そして――ほんの一瞬だけ、彼の口元が、すうっとやわらかく持ち上がった。
(あれ、今、ちょっとだけ嬉しそうにしていたような……)
問いかける間もなく、キース様は再び歩き出してしまう。
「リリーベル様にそう言っていただけるのなら、努力した甲斐があります」
背を向けたままの声は、やっぱりいつも通り淡々としていたけれど。
――なんだか、ほんの少しだけ、温度があったような気がした。
しばらく歩いた先、木々の隙間からちらりと見えた白いクロスに、わたしは息をのんだ。
「あっ……あそこ……」
指ささぬように、小さな声で知らせる。キース様はわたしの視線をたどり、すぐに頷いた。
「……マルグリット妃殿下と、ローラント殿下ですね」
キース様がさっと答えてくれる。
やはりそうだ。遠目にも気品のある二人が、庭園の奥のテーブルで向かい合っていた。
マルグリット妃は華奢な体に淡い緑のドレスをまとい、赤髪を緩く編んでまとめている。その姿は、まるで儚い花のようだった。

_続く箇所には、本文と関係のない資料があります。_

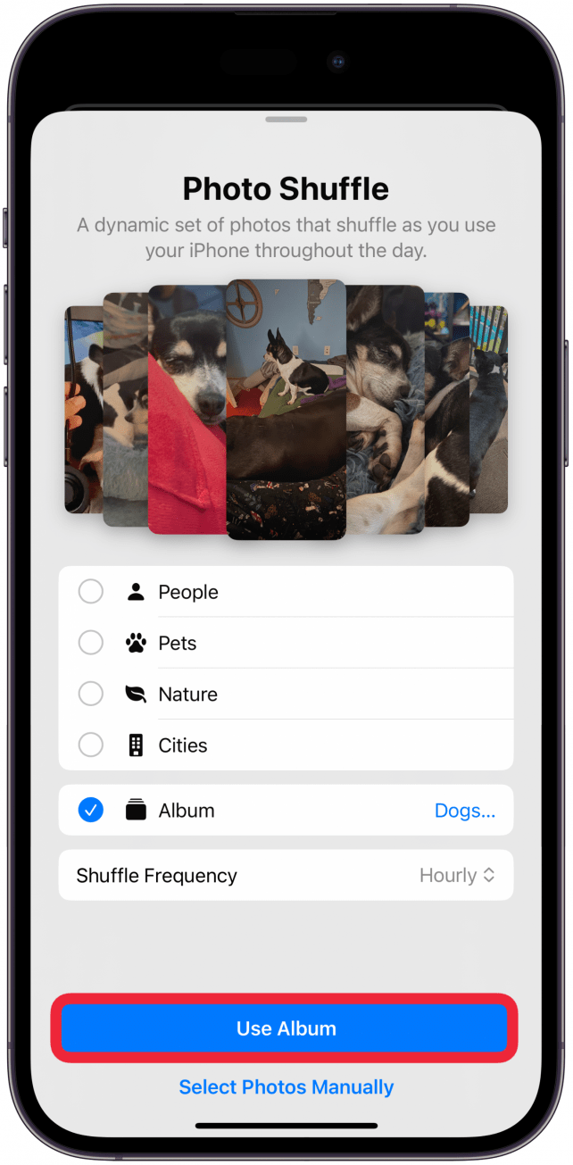 Now, Photo Shuffle should only show you photos from the selected album on your Lock Screen! Next, learn how to create a Focus-based Lock Screen. For more iPhone tips, don't forget to sign up for our free Tip of the Day newsletter.
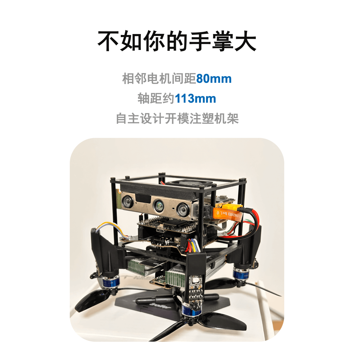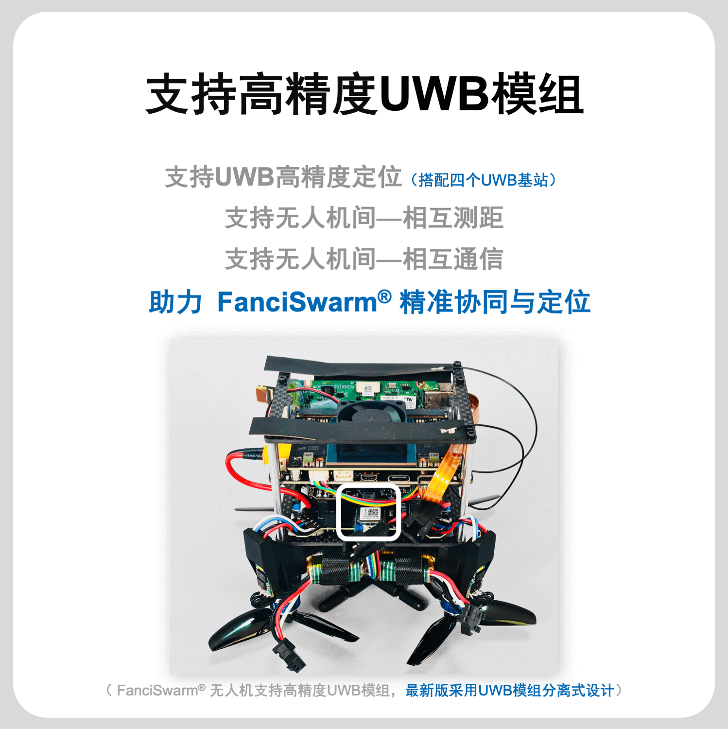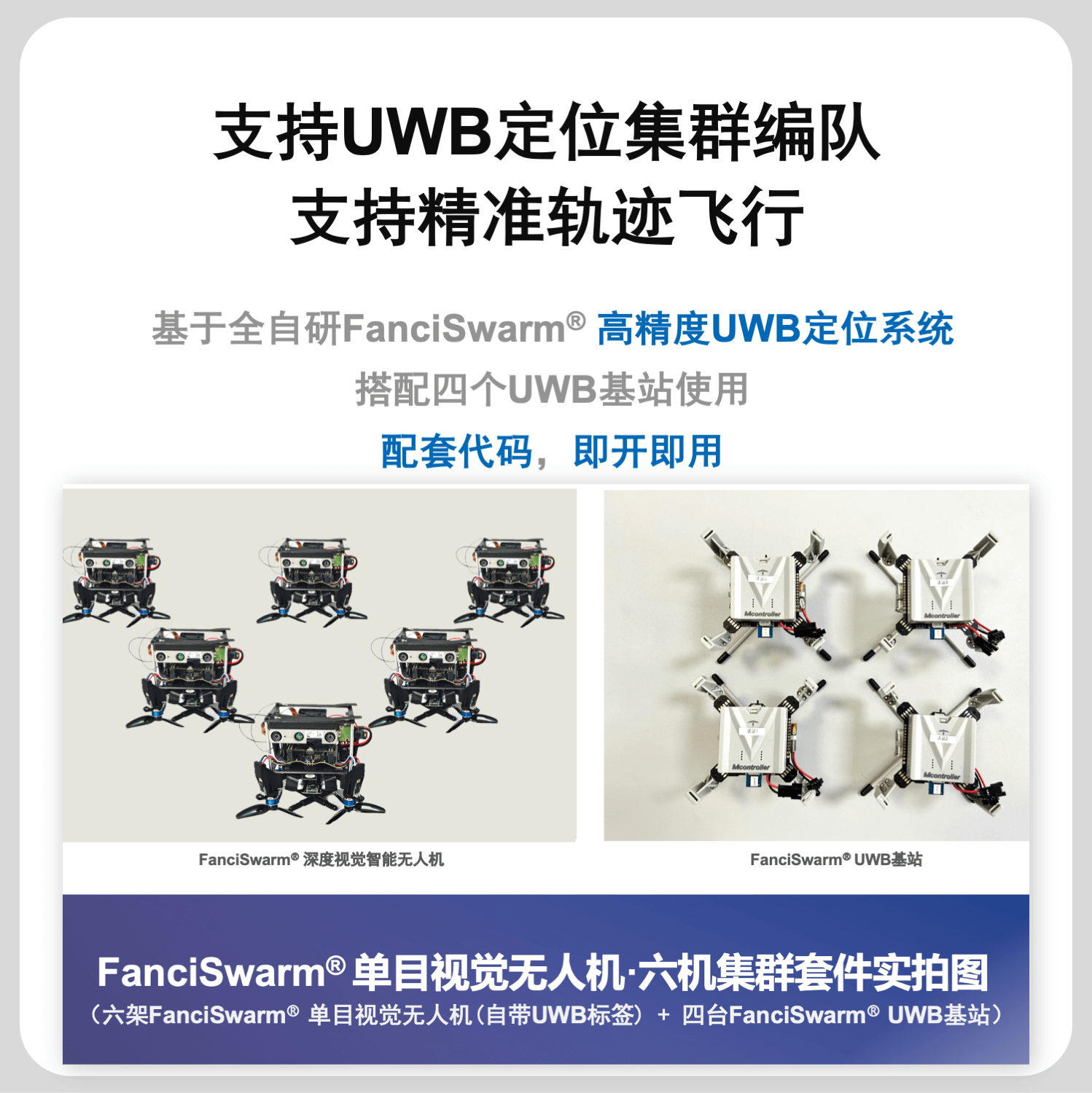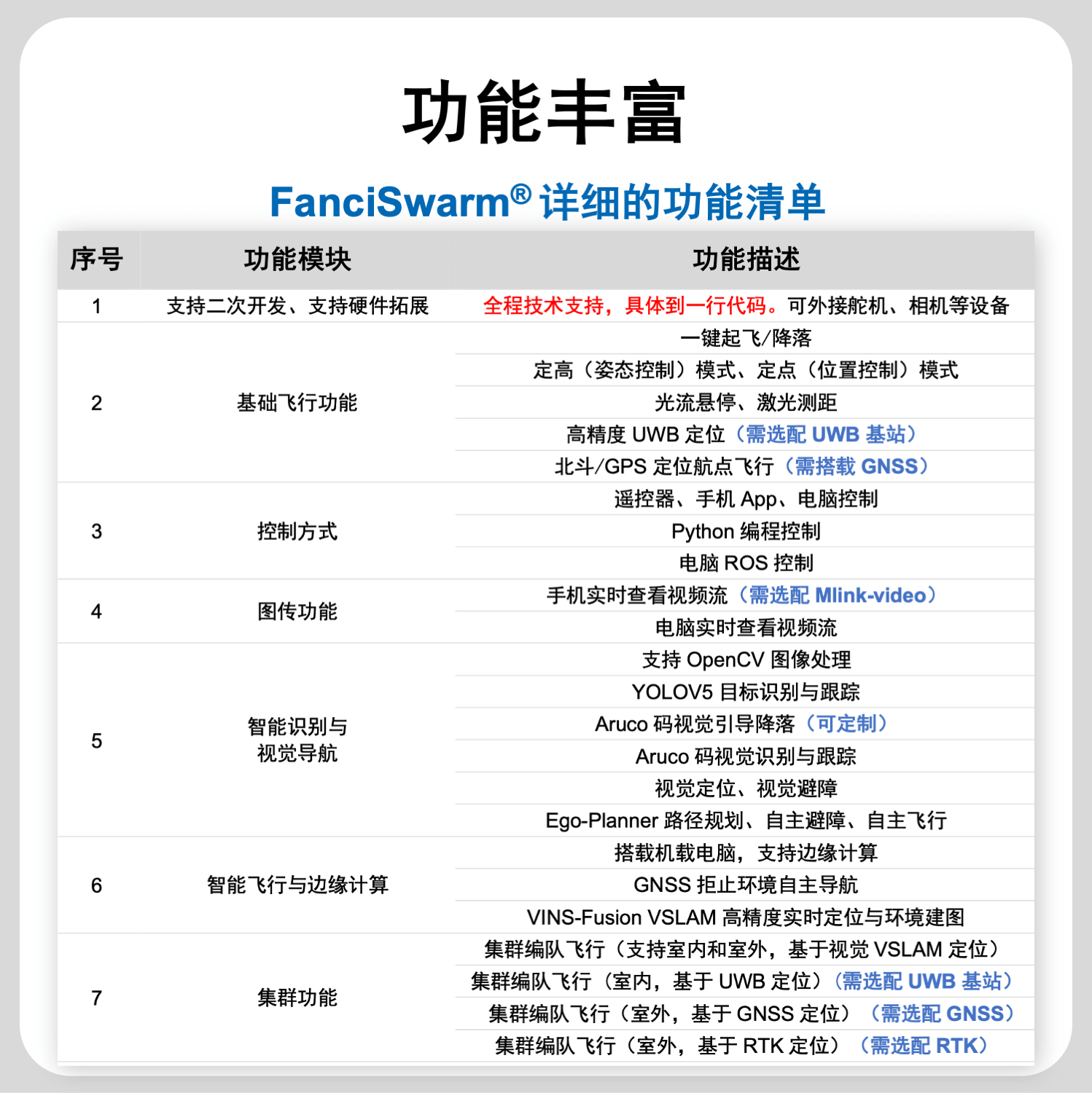 构成:由FanciSwarm® 微型集群无人机、定制款碳纤维载荷支架、定制款碳纤维保护框、Orin NX 或者Orin Nano 核心板以及底板、深度相机 D435、单目 RGB相机(选配)、高精度 GNSS模组(选配)、512g 固态硬盘、散热风扇等构成,调试安装好,整机发货,到手即飞
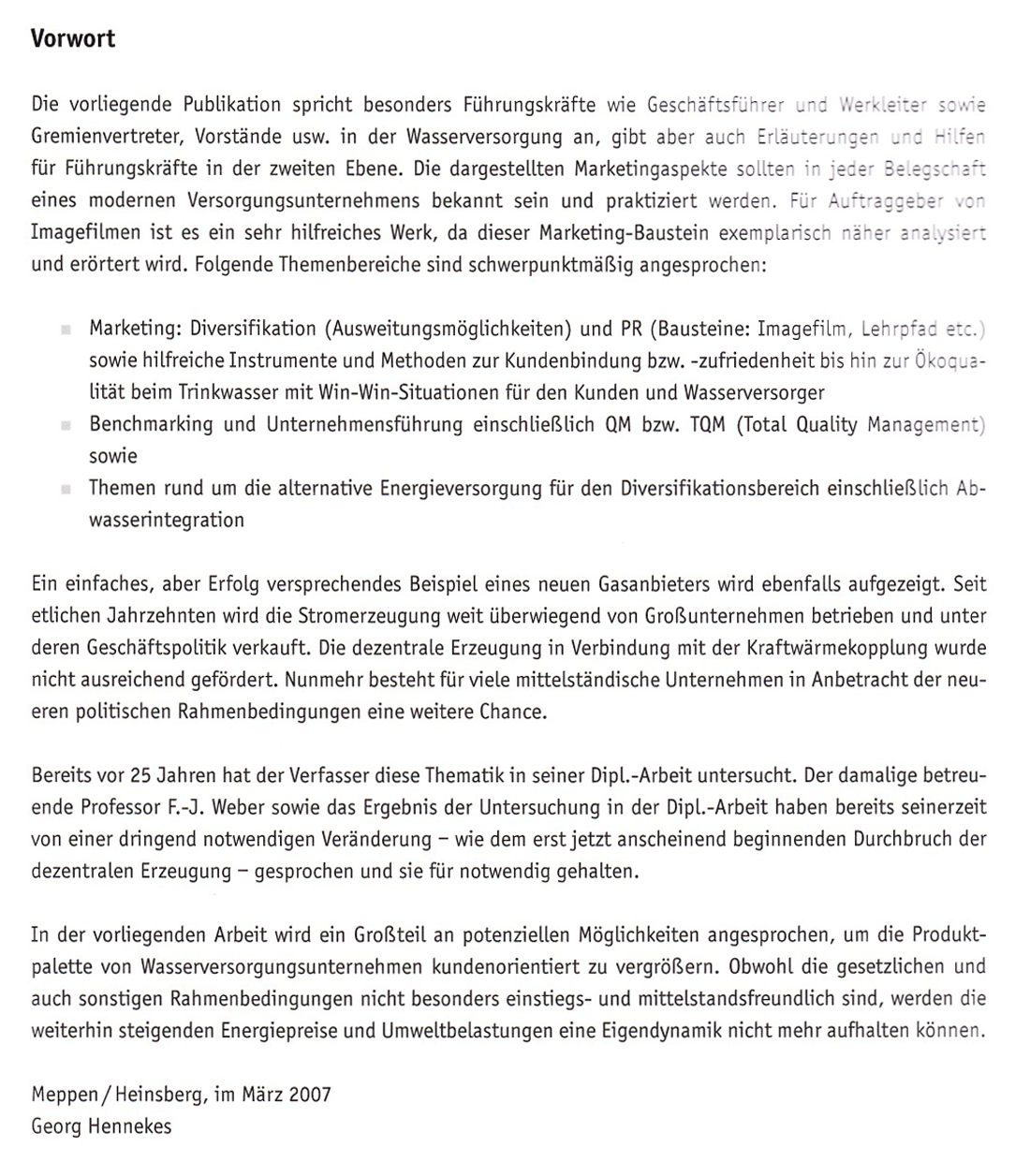 "Marketingaspekte und Diversifakationsmöglichkeiten bei Wasserversorgungsunternehmen"
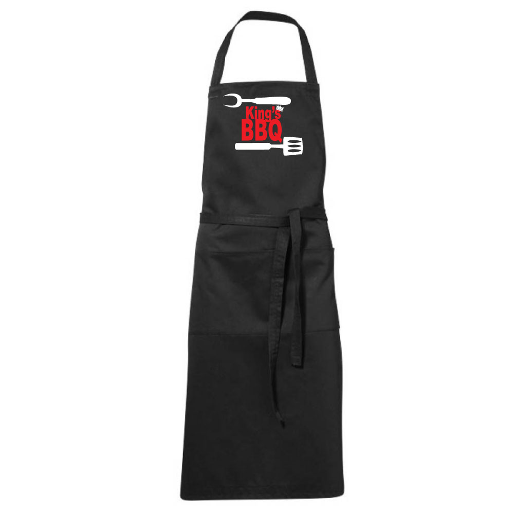Tablier noir écrit king's bbq en rouge avec deux ustensiles de cuisne en blanc et une couronne en blanc.
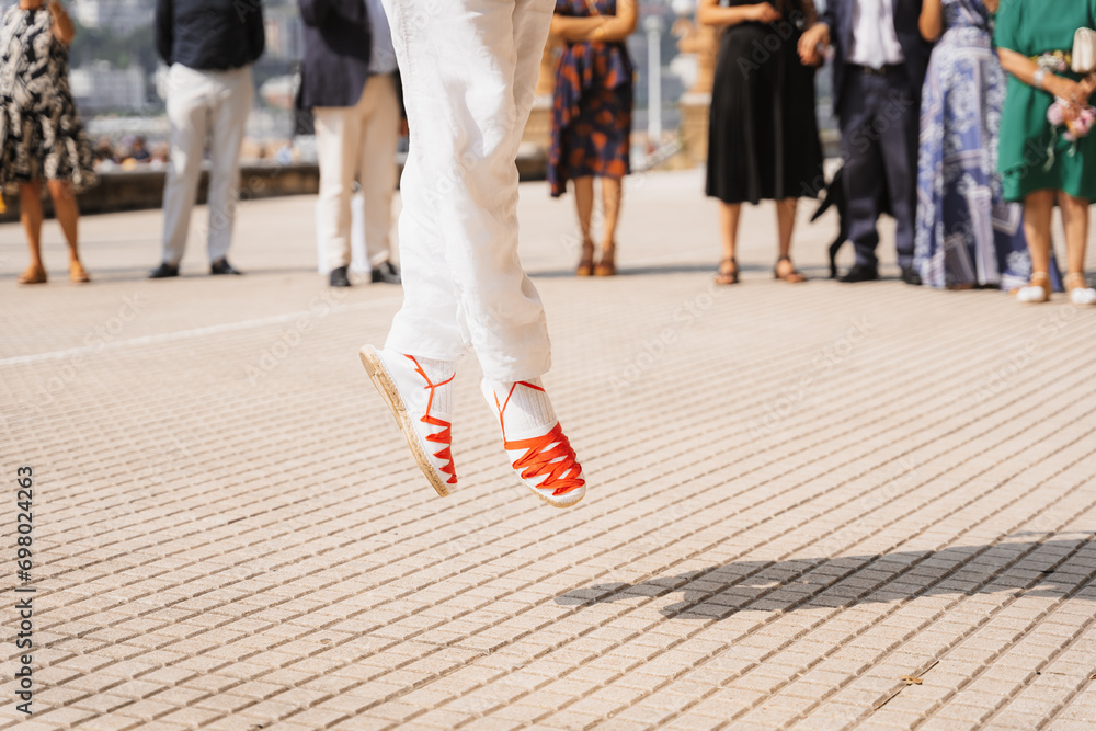 Basque dancer jumping in a celebration in a town in the Basque country
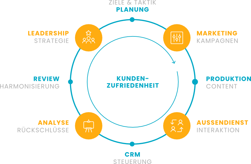 Das Closed-Loop-Prinzip lässt sich flexibel einsetzen: für Vertriebsmaßnahmen, Zielgruppenansprachen oder strategische Optimierungen. Führen Sie diverse Qualifikationen, klare Rollen und nutzenorientierte Technologie zusammen, um Kundenerlebnis und Interna laufend zu optimieren.
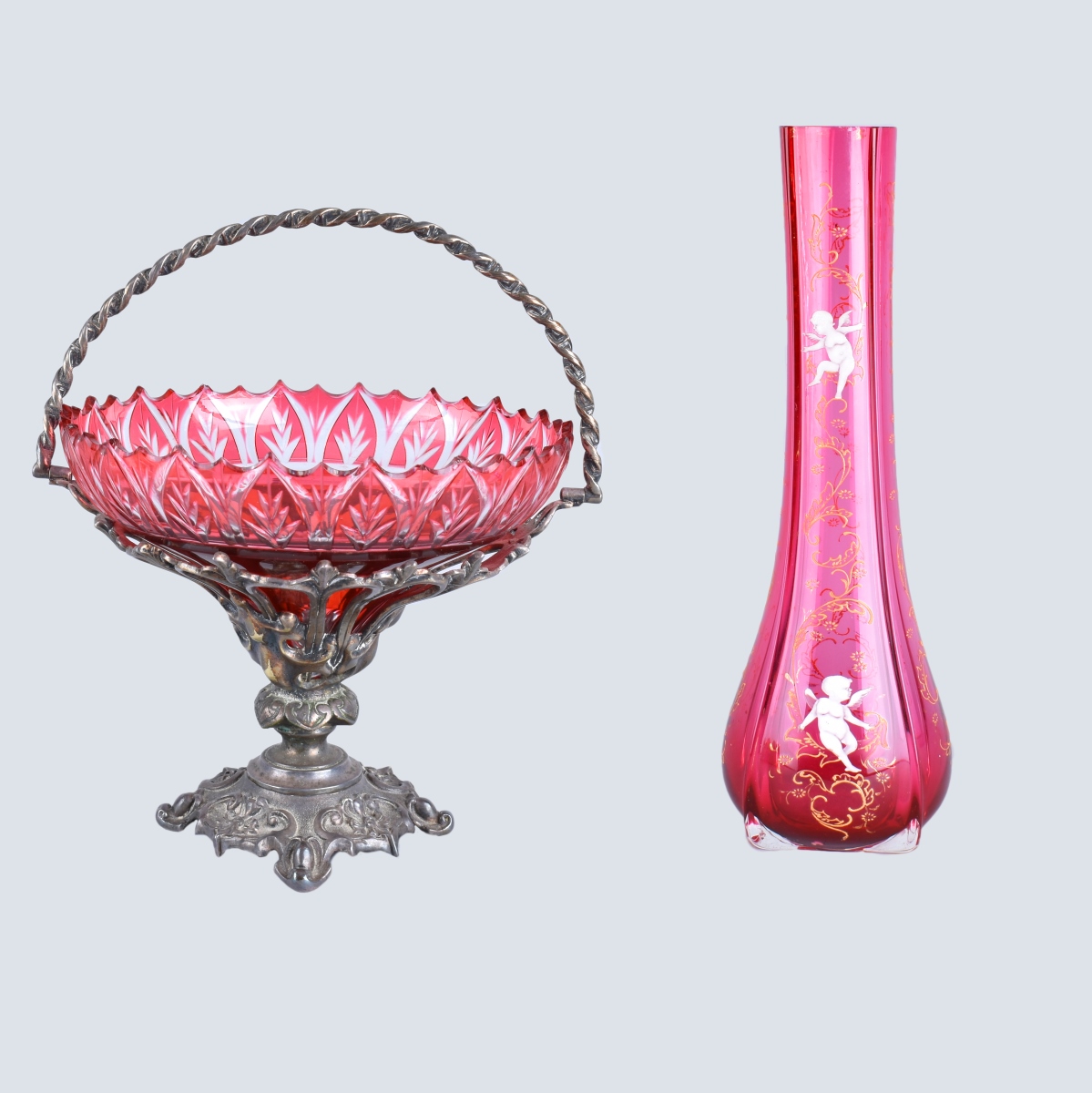 Victorian silver plate and cut cranberry glass basket. Unsigned. Measures 5-1/2" H x 6-1/2" W. Also included an enameled cranberry glass vase. Unsigned. Measures 16-1/4" H x 4-1/2" W. Condition: Chips, wear. Estimate: $100.00 - $200.00 Domestic Shipping: $88.00
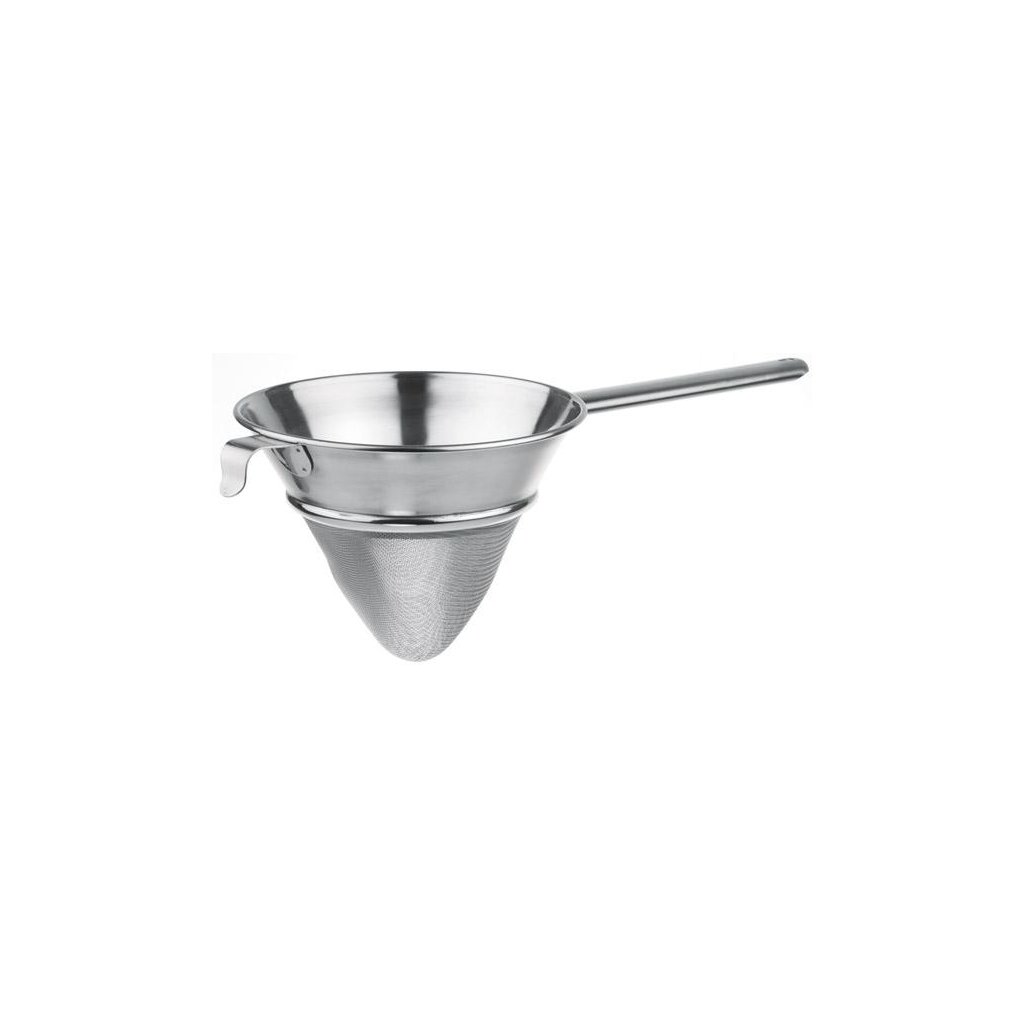 Cedník špičák se sítem s hustotou 9 otvorů na 10 mm². Vyrobeno z nerezové oceli. Úchyt dlouhý 250 mm. Cedník má také praktický hák na zavěšení v hrnci.Doplňkové parametry

夢で見た記憶よりも、ずっと……弱々しく見えてしまう。
だけれど彼女は、ティーカップを手にしながら、ゆったりと微笑んでいた。
向かいに座るローラント兄様は、揃いの赤髪で騎士の制服をきちんと着こなし、ときおり妃を気遣うように視線を向けている。
母親を心から大切にしていることが、少し離れているこちらにも伝わってくる。
「お茶会の最中のようですね。邪魔にならないように戻りましょう──」
「ヨシ! こっそり見ていきましょう」
「は?」
聞き返すキース様の声に、返事をする間も惜しくて、そっと袖を引いた。
「リリーベル様」
「しっ、静かに」
夢で見た通りなら、ここで何か手がかりがあるかもしれない。
わたしはとっさに身を引き、キース様の袖をさらに軽く引いた。四阿にこっそりと隠れて、庭園の木陰でお茶会をする二人を見つめる。
(本当に、夢で見たとおりだ)
こっそりと物陰に身を潜めながら、わたしはその光景をじっと見つめる。
「……母上は、最近体調が優れないと伺いましたが」
「ええ、少しだけね。でも、こうしてローラントとお茶をしていると、とても落ち着くわ」
風に乗って、ふたりの声が届く。穏やかで優しいひとときだ。
とてもあたたかな光景なのに、どうしてこんなにも不安を感じてしまうのだろう。
マグリット様の声音は穏やかで優雅だったが、その顔色は少し青白かった。
卓上のクッキーをふたりで摘み、それから談笑している。
(夢で見たリリーベルは、彼女の体調についてなにか考察していなかったかな)
わたしは、夢の記憶をたどるように思い返す。
何と言っていたっけ。ええと、食べ物がどうとか……。
マルグリット妃が亡くなっていた小説の展開。
それが真実であるという証拠はない。でも、何かを知っているような夢の中の自分と、いま目の前にいる二人の姿とが、ぴたりと繋がってしまったような気がして胸が苦しい。
「リリーベル様、我々はいつまでこうしているんでしょうか」
「ひえっ」
キース様の低く、少しだけ戸惑ったような声が耳元に落ちてきて、わたしは思わず彼の顔を見上げた。
すごく近かった。愚かにも。
目を見開いて自分の手元を見ると、がっつりキース様の袖を掴んでいるどころか、完全に体をくっつけていた。しかも、しがみつくように。
「すすすすいません、隠れるのに夢中で……!」
なんとかひそひそ声でそう言って、わたしはそっと離れる。
キース様が静かに瞬きをする。無表情のままだというのに、どこか微妙に唇が引きつっているように見えたのは、気のせいだろうか。
「邪な気持ちは一切ございません! でもよい香りがしました、ありがとうございます!」
わたしは何を言っているのか。
慌てすぎて会話の方向がおかしなことになってきた。
顔から火が出そうな勢いで頭を下げていると、キース様の金色の瞳がふいに細められている。これは、苦笑というやつですね。